Write the lines out again, from the top of the material to the line containing "Protein Omega-3 Fiber", pictures excluded.
>>>>>
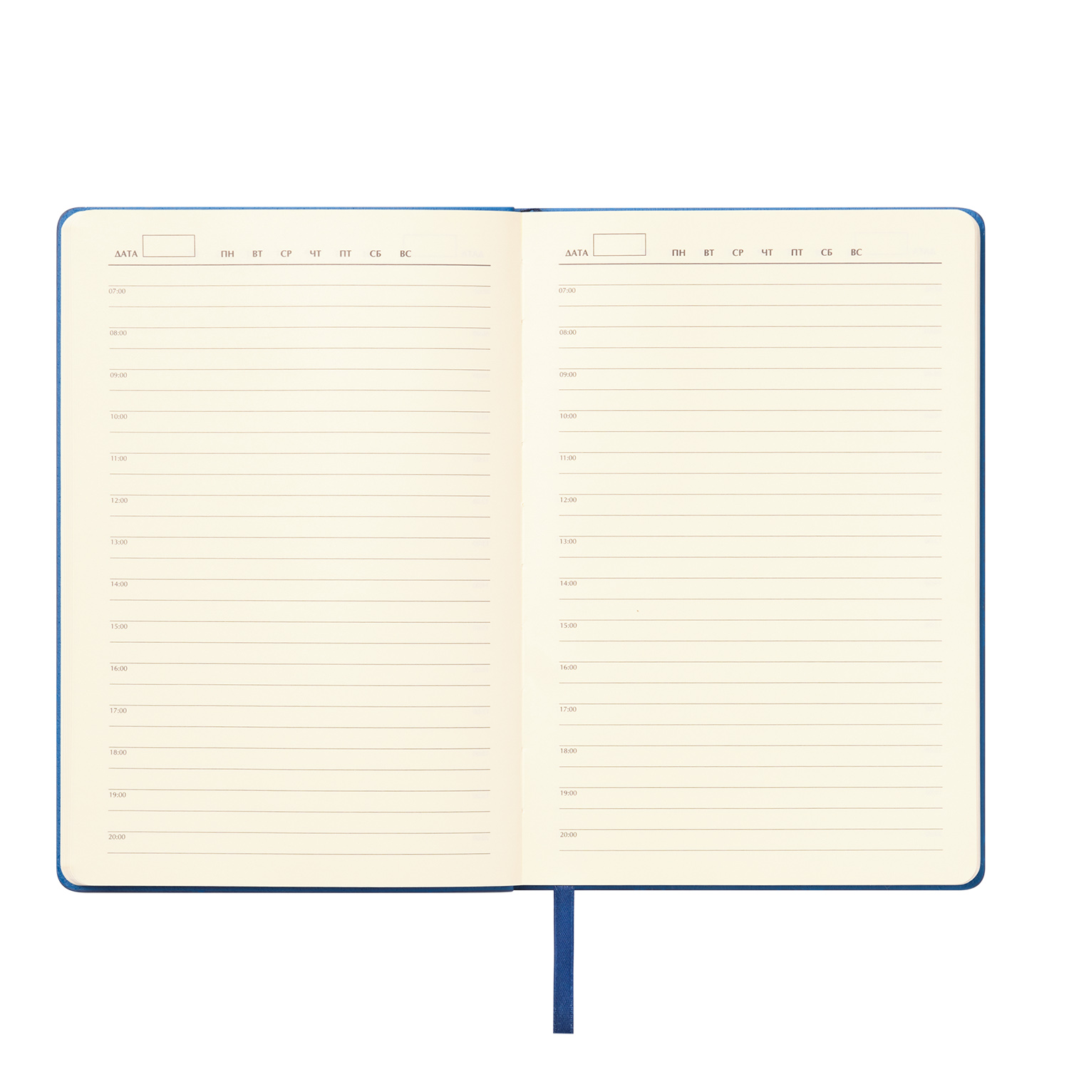 Кремовые форзац, нахзац и срез создают гармоничное сочетание с гладкими, шелковистыми страницами того же нежного оттенка. Удобное атласное ляссе поможет вам быстро найти нужную страницу. Этот ежедневник — не просто инструмент для планирования, а изысканный аксессуар, который подчеркнет ваш безупречный вкус.
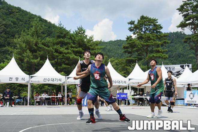 [점프볼=평창/홍기웅 기자] 4일 평창 대화면 평창더위사냥축제 특설코트에서 열린 '2019 KXO 4라운드 평창' 리그전 PHE와 리고러코리아의 경기. PHE와 리고러코리아가 리바운드를 잡아내기 위해 위치 경합을 펼치고 있다.
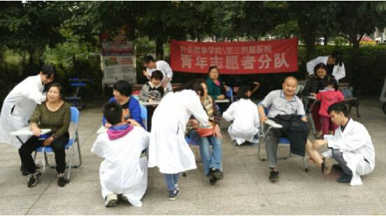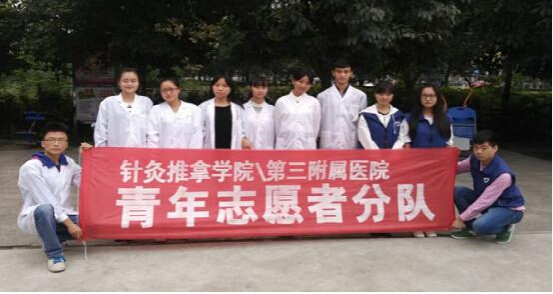 2015年10月24日上午,针灸推拿学院/第三附属医院青年志愿者协会在成都市温江区燎原社区等4个社区再次开展了推拿进社区活动,该活动在我院志愿者们的共同努力下取得圆满成功。
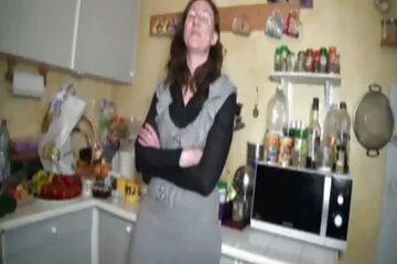 تمزق خادمة طويلة الأرجل في سكسي قديم مترجم جوارب بيضاء من قبل لقيط في المطبخ.12:03
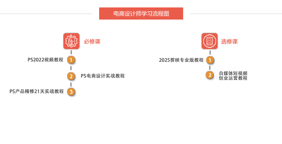 电商设计学习流程;全面系统的进行学习,开拓思维,实现质变,能够独立完成整套设计,掌握电商设计的核心知识。
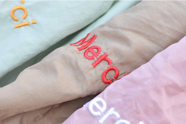 バッグにはMerciの刺しゅう入り。本体生地との色の組み合わせもポイント。
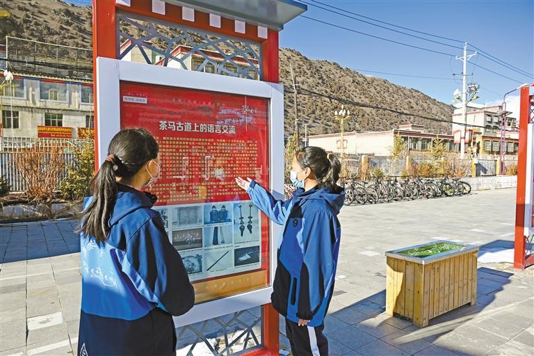 那曲市嘉黎縣中學民族團結長廊解說員(右)向同學講解茶馬古道上的民族團結故事。記者 薛瑩 益西加措 攝
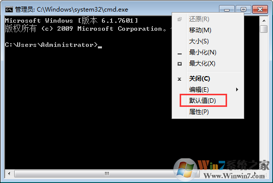 1、在命令提示符的窗口邊上右擊,點(diǎn)擊“默認(rèn)值”,如下圖;
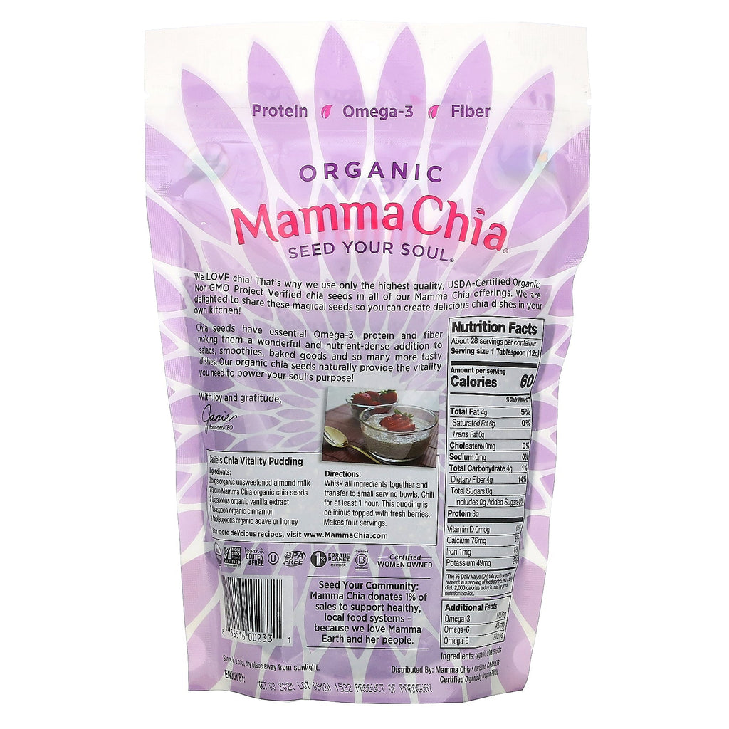Protein Omega-3 Fiber Seed Your Soul® Non GMO Project Verified USDA Black Chia Vegan & Gluten Free Kosher BPA Free Certified B Corporation Certified by Oregon Tilth We Love Chia! That's why we use only the highest quality, USDA-Certified , Non-GMO Project Verified Chia Seeds in all of our Mamma Chia offerings. We are delighted to share these magical seeds so you can create delicious chia dishes in your own kitchen! Chia seeds have essential Omega-3, protein and fiber making them a wonderful and nutrient-dense addition to salads, smoothies, baked goods and so many more tasty dishes! Our Chia Seeds will naturally provide the vitality you need to power your soul's purpose! With joy and gratitude, -Janie, Founder/CEOSugg. UseOther Ingredients chia seeds.Supplement FactsServing Size: 1 Tablespoon (12 g) Serving Per Container: About 28 Amount Per Serving %Daily Value* Calories 60 Total Fat 4 g 5% Saturated Fat 0 g 0%...
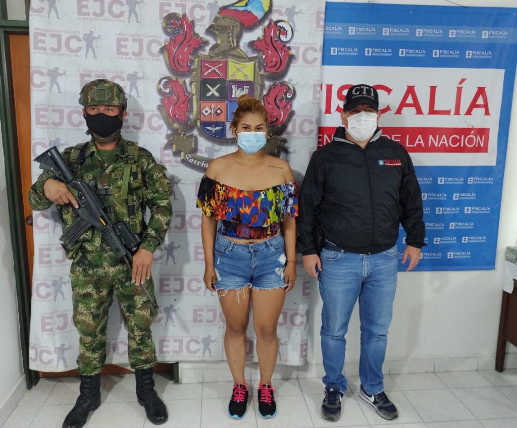 Miembros del CTI de la Fiscalía Seccional Huila, en conjunto con uniformados de la Novena Brigada del Ejército Nacional, capturaron este miércoles a Yesmi Yeleni Bohórquez Velasco, alias La Mona, presunta integrante del Grupo Armado Organizado Residual Dagoberto Ramos Frente Sexto de las disidencias de las ex FARC- EP.
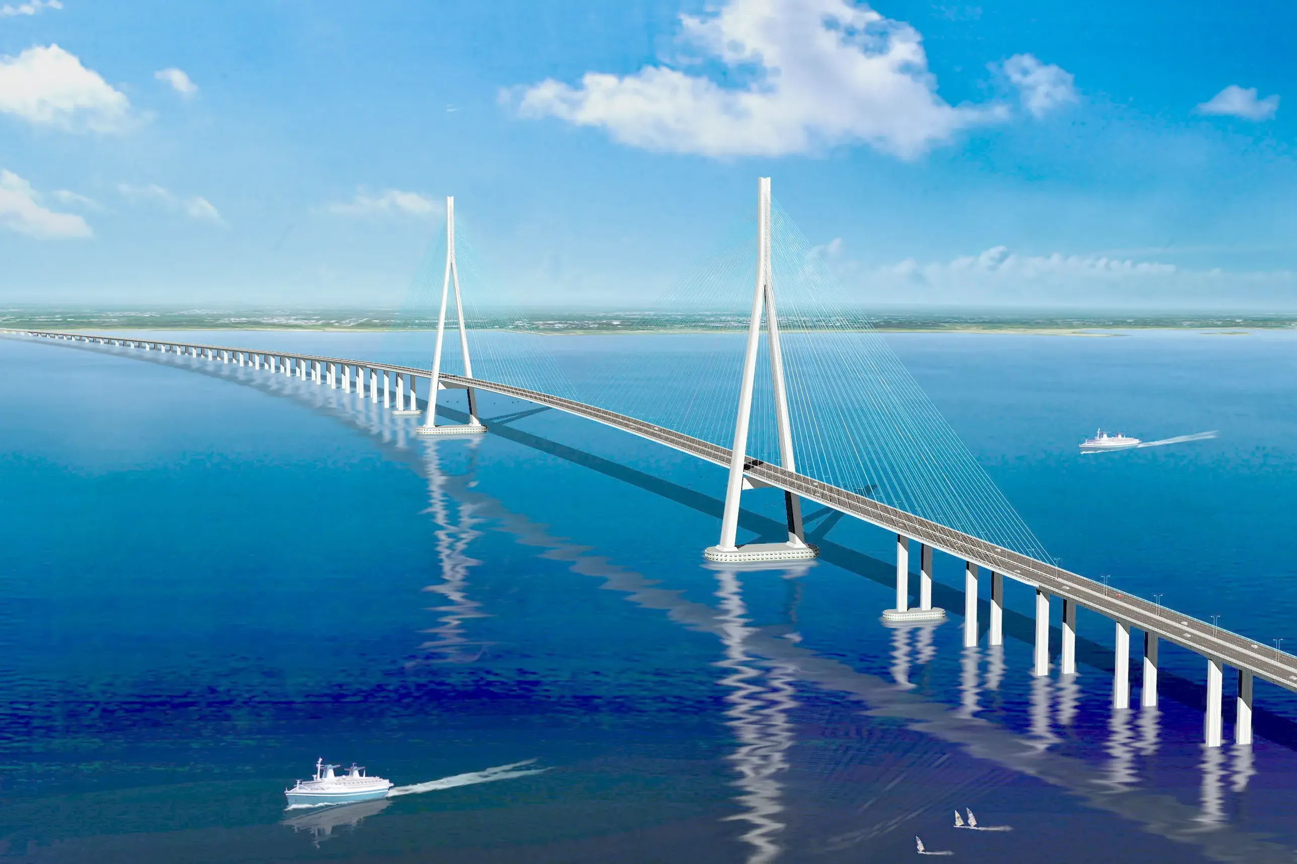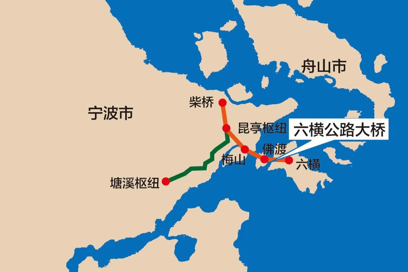 The second phase of Liuheng Highway Bridge Project in Ningbo Zhoushan Port, Zhejiang Province starts from the southwest side of Liuheng Island and the south side of Ganyan outside Ganyan Village. Connection, the route passes through Xiaoguojuwei Reclamation Area, enters the sea at Huoshaoshanzui, and sets up the Shuangyumen Navigation Hole Bridge to cross the Shuangyumen Waterway. After logging in on Fodu Island, set up Fodu Interchange, and then the route goes westward into the sea, and the Qinglongmen Navigation Hole is set up. The bridge spans the Qinglongmen waterway. After logging in on Meishan Island, the second-phase main line part of Meishan interchange and two ramps in the direction of Zhoushan will be implemented. The end point of the route is K19+402, and the total length of the route is 18.782 kilometers.
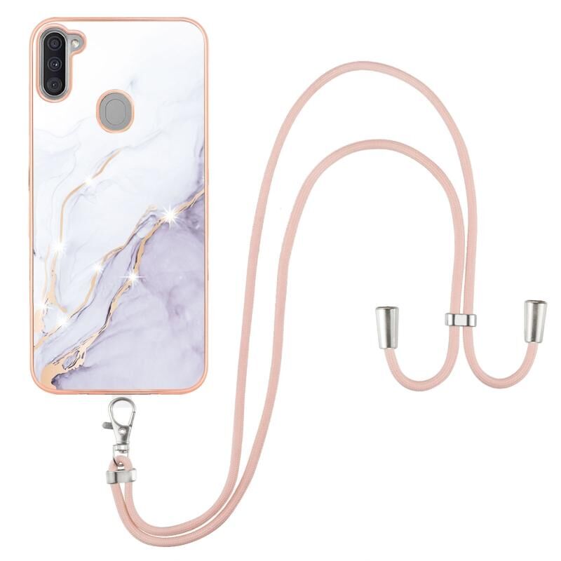 Θήκη για Samsung Galaxy A11 / M11 με Επικάλυψη Ηλεκτρολυτικής Μαρμάρου IMD TPU Αντικραδασμική με Λουρί Λαιμού (Μωβ 002)
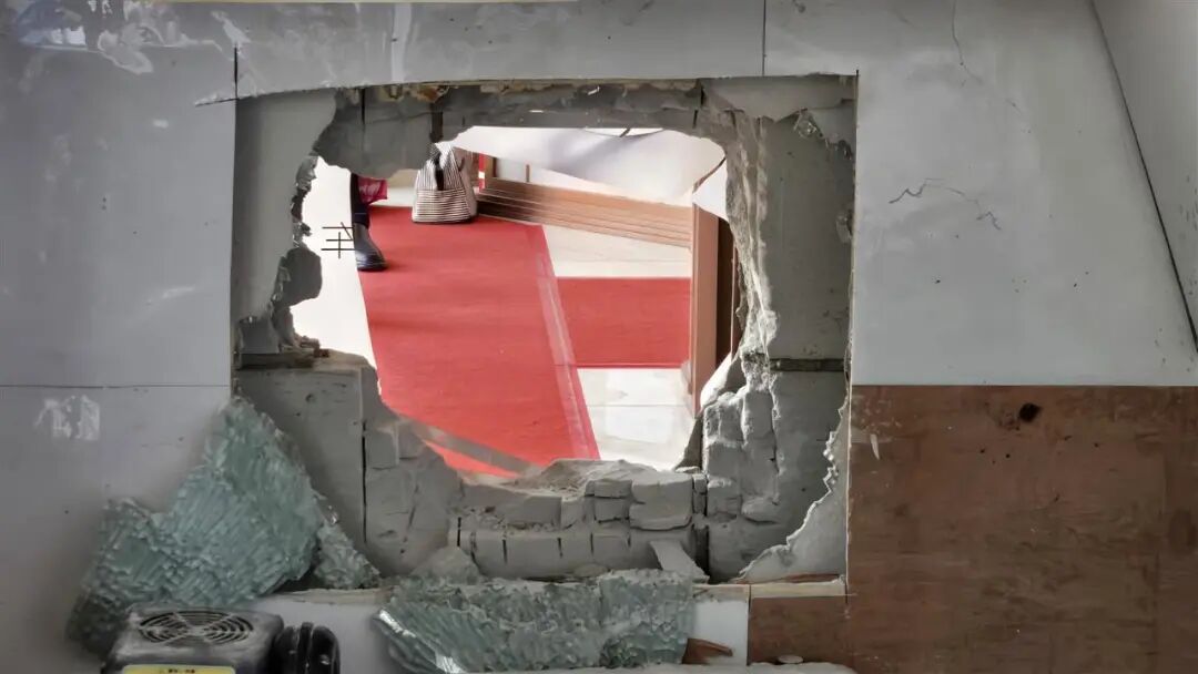 经现场细致勘查,民警发现金店配电箱遭人为破坏,店内监控因断电失效。大门右侧墙壁被砸出一个可容人通过的大洞,相邻手机维修店的门锁被撬。初步判断,嫌疑人应是先撬门进入手机店,再凿穿隔墙,潜入金店实施盗窃。
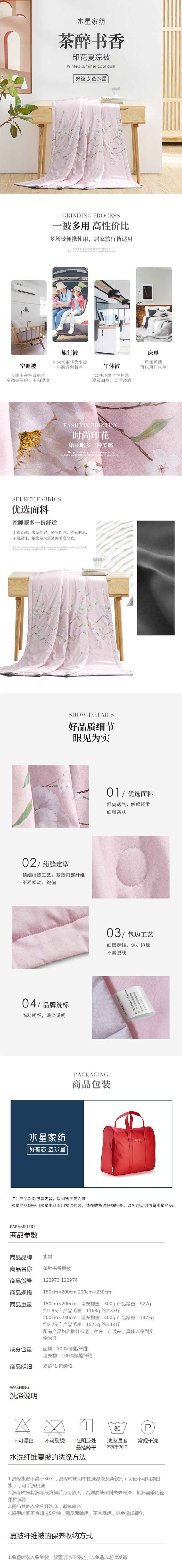 水星家纺 茶醉书香 夏被 150*200cm(单位:床)
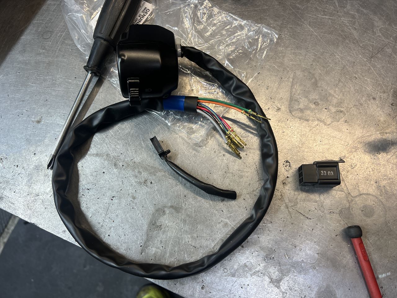 先ほどのハーネス損傷個所を点検します。幸い内部の線はダメージを受けていないようです。
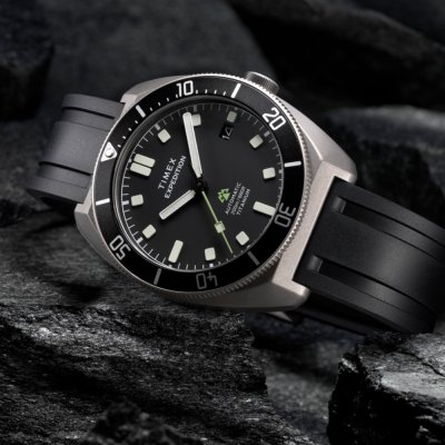 Diese Timex Uhr hat ein Titan Gehäuse mit einem Durchmesser von 41 mm und ist mit einem Armband aus Bio-Kunststoff versehen. In der Uhr arbeitet ein Timex Uhrwerk. Das Glas der Uhr besteht aus Sapphir - Glas.
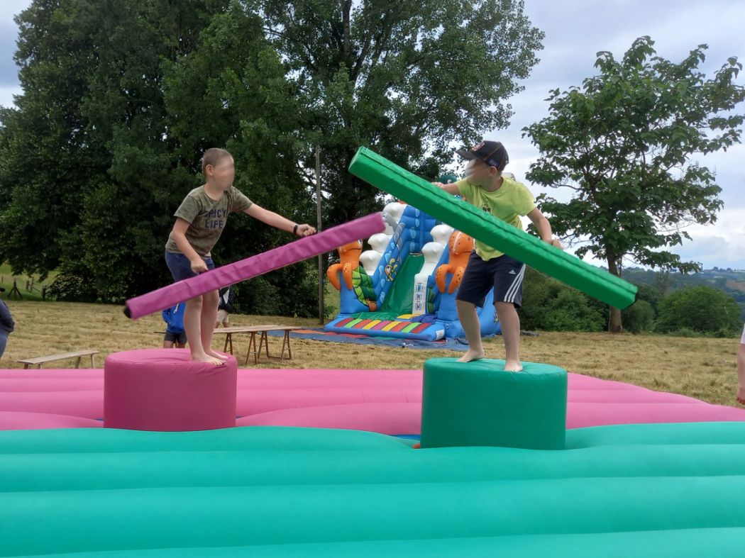Les participants montent sur leurs plots et doivent faire tomber leur adversaire à l'aide de leur barre en mousse.
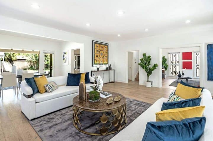 C’est en 2011 que Meghan Markle prend ses quartiers dans une superbe villa de Los Angeles, dans le quartier de Mid-Wilshire. Alors fraîchement mariée au producteur Trevor Engelson lors d’une incroyable cérémonie organisée en Jamaïque, la jeune femme et son mari décident de s’installer dans cette maison de 185 mètres carrés. Aujourd’hui divorcée et mariée au prince Harry, cette maison est mise en vente pour la coquette somme de 1,8 million de dollars, soit 1,6 million d’euros. Il faut dire que cette villa au style colonial est exceptionnelle puisqu’elle possède quatre chambres, trois salles de bain et une cheminée.
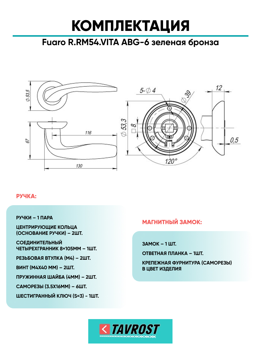 Ручка дверная межкомнатная:Ритм, линии, изгибы рождают новые формы. Безупречная эргономика и лаконичный дизайн делают дверные ручки серии RM (Ritmo) центральным элементом двери. Дверная ручка на раздельном основании Fuaro VITA RM на круглом основании подходит для установки на внутренние входные и межкомнатные двери. Максимальная масса двери 60 кг. Посадочные размеры оснований совместимы со всеми типами межкомнатных механизмов. Материал изготовления: ZAMAK (сплав цинка, алюминия, магния и меди). Гальваническое покрытие прошло тест на устойчивость к коррозии в соляном тумане - более 96 часов. Ресурс работы дверных ручек более 150 000 циклов открывания/закрывания, что гарантирует безотказную работу двери более чем на 10 лет. Стяжные винты в комплекте обеспечивают более прочное крепление на полотне двери, подходят для установки на двери толщиной 35-55 мм. Цвет: зеленая бронза. В комплект входят: стяжные винты, соединительный квадрат 8x105 мм, саморезы, фиксирующие винты, шестигранник.
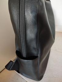 Zaino pelle sintetica nero Moleskine, rinforzato nel fondo, chiusura frontale con zip a due vie.
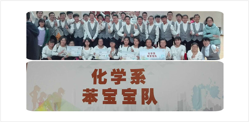 伴随着欢快的音乐,化学系“苯宝宝队”登上赛场,该队由21名男生作溶剂、13名女生为溶质,外加两位班主任催化产出。他们是这个时代的结晶,他们会用自己的舞姿证明化学系的风采!在当天的比赛中,苯宝宝队两登舞台,用精彩的舞姿展示了化学系积极向上、团结奋进的风采,勇夺第四名,获得一等奖。苯宝宝队步伐整齐、活力四射,赢得现场观众的阵阵掌声,还荣获“最具人气奖”。
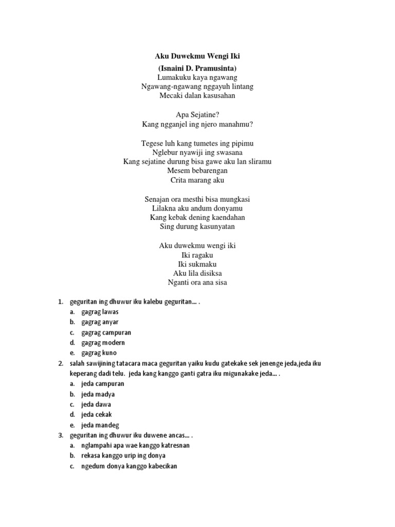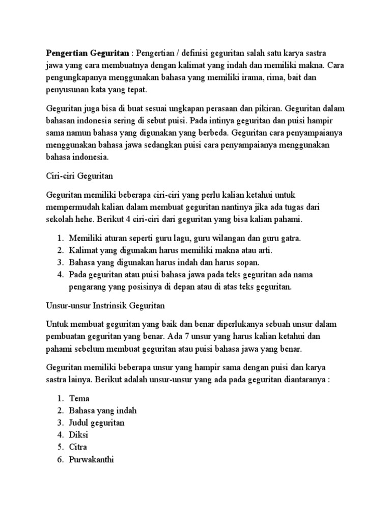 Sing Kalebu Unsur Batin Geguritan Yaiku Berbagai Unsur
<<<<<
Reply:
 Кремовые форзац, нахзац и срез создают гармоничное сочетание с гладкими, шелковистыми страницами того же нежного оттенка. Удобное атласное ляссе поможет вам быстро найти нужную страницу. Этот ежедневник — не просто инструмент для планирования, а изысканный аксессуар, который подчеркнет ваш безупречный вкус.
 [점프볼=평창/홍기웅 기자] 4일 평창 대화면 평창더위사냥축제 특설코트에서 열린 '2019 KXO 4라운드 평창' 리그전 PHE와 리고러코리아의 경기. PHE와 리고러코리아가 리바운드를 잡아내기 위해 위치 경합을 펼치고 있다.
 2015年10月24日上午,针灸推拿学院/第三附属医院青年志愿者协会在成都市温江区燎原社区等4个社区再次开展了推拿进社区活动,该活动在我院志愿者们的共同努力下取得圆满成功。
 تمزق خادمة طويلة الأرجل في سكسي قديم مترجم جوارب بيضاء من قبل لقيط في المطبخ.12:03
 电商设计学习流程;全面系统的进行学习,开拓思维,实现质变,能够独立完成整套设计,掌握电商设计的核心知识。
 バッグにはMerciの刺しゅう入り。本体生地との色の組み合わせもポイント。
 那曲市嘉黎縣中學民族團結長廊解說員(右)向同學講解茶馬古道上的民族團結故事。記者 薛瑩 益西加措 攝
 1、在命令提示符的窗口邊上右擊,點(diǎn)擊“默認(rèn)值”,如下圖;
Protein Omega-3 Fiber Seed Your Soul® Non GMO Project Verified USDA Black Chia Vegan & Gluten Free Kosher BPA Free Certified B Corporation Certified by Oregon Tilth We Love Chia! That's why we use only the highest quality, USDA-Certified , Non-GMO Project Verified Chia Seeds in all of our Mamma Chia offerings. We are delighted to share these magical seeds so you can create delicious chia dishes in your own kitchen! Chia seeds have essential Omega-3, protein and fiber making them a wonderful and nutrient-dense addition to salads, smoothies, baked goods and so many more tasty dishes! Our Chia Seeds will naturally provide the vitality you need to power your soul's purpose! With joy and gratitude, -Janie, Founder/CEOSugg. UseOther Ingredients chia seeds.Supplement FactsServing Size: 1 Tablespoon (12 g) Serving Per Container: About 28 Amount Per Serving %Daily Value* Calories 60 Total Fat 4 g 5% Saturated Fat 0 g 0%...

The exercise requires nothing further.